Oct 1, 2020| Daniel Jones
Over the last year EngineerBetter worked with Smarsh, introducing new ways of working that enabled continuous deployment of 19 data services and 20 apps across multiple vSphere environments in a regulated investment bank in 10 weeks - and that was just the start!
“We needed people to not just speak about the ‘right’ thing or merely do it for others, we needed a team to partner with our engineers, model and teach the ‘right’ thing so that it became pervasive organizationally. EngineerBetter does just that and with an empathetic approach that had my teams eager to work with them more often.”
Kyle Campos - EVP Technology, Smarsh
In this blog post we’ll talk about the methodology we used, the technical implementation and challenges, and what we learned from the experience.
We achieved the following outcomes through considered use of approach and methodology:
A > 90% reduction in time-to-production. Smarsh went from the effort of many teams over a period of weeks, to an automated pipeline that would run in around 4 hours. At the most absolutely conservative estimate this was a ~90% reduction in time-to-production, and an even greater reduction in human toil.

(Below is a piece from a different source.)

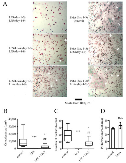 Figure 6. Osteoclast differentiation of THP-1 cells with and without LtxA. All cell cultures were differentiated with RANKL and α-tocopherol from day 4–9. LPS and/or LtxA were added as stimuli on days 1–3 and/or days 4–9. Control cells were differentiated with PMA (day 1–3) and with RANKL and α-tocopherol (day 4–9) (A) Microscopy images of cells differentiated under different conditions. Green: nuclei stained by methyl green, red: tartrate-resistant acid phosphatase (TRAP). White arrows: multinucleated cells. (B) The size of osteoclast-like cells and (C) number of nuclei seen per cell. LPS + LtxA: cells were incubated with both stimuli on days 1–3, followed by incubation with LtxA on days 4–9 in addition to RANKL and α-tocopherol. Kruskal–Wallis test, *** p ≤ 0.0001 and * p ≤ 0.05 compared to control, ## p ≤ 0.01 compared to LPS (medians and ranges, n = 2 independent experiments in duplicate). (D) Pit formation ability of osteoclast differentiated THP-1 cells on 40 µm thick bovine cortical bone slices. Differentiation was achieved by exposing cells to PMA for 3d, followed by stimulation with RANKL, α-tocopherol with or without LtxA. Light microscopy was performed, and the surface area of pits in percent was determined by color filtration and binarisation. Two-tailed unpaired Student’s t-test, p = 0.23. (mean ± SD, n = 2 independent experiments in duplicate).

Increased technical and methodological knowledge. By pair-programming we were enable to upskill the customer’s engineers at the same time as delivering a system. Just as we learnt a lot on the engagement, Smarsh engineers got insight into Concourse, Cloud Foundry, BOSH, RSpec, and all sorts of other technologies. Even more importantly, by engaging using our methodology, we were able to educate folks in vital concepts such as TDD, lean decision-making, eXtreme Programming, YAGNI, package cohesion principles, continuous delivery, and more.

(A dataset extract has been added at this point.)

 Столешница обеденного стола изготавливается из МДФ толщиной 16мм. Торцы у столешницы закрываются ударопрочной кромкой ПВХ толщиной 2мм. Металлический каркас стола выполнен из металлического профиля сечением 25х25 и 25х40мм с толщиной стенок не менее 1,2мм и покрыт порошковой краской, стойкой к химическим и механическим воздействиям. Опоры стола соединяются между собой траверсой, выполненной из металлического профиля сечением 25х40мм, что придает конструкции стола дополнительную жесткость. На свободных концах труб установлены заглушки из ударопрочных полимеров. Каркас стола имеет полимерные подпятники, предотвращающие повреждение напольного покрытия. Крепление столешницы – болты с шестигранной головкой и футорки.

Self-sufficient teams. After nine months, Smarsh were ready for us to downscale the assistance we gave them. After a year Smarsh’s engineers are developing and operating the system without our help, so we are no longer needed - you could say “our job here is done”.
One team that could deploy everything. For the first time in the customer’s history a single team owned the deployment process from beginning to end, reducing transaction costs, delays and communication overheads.
Tested, promoted products. The entire suite of software and infrastructure was tested and then promoted using our Stopover approach to Concourse pipelines. We could be confident that changes would work before they reached higher environments.
Reproducible environments. Because everything was automated there were no unique ‘snowflake’ environments, making them easier to reason about. We regularly repaved test environments to ensure this reproducibility.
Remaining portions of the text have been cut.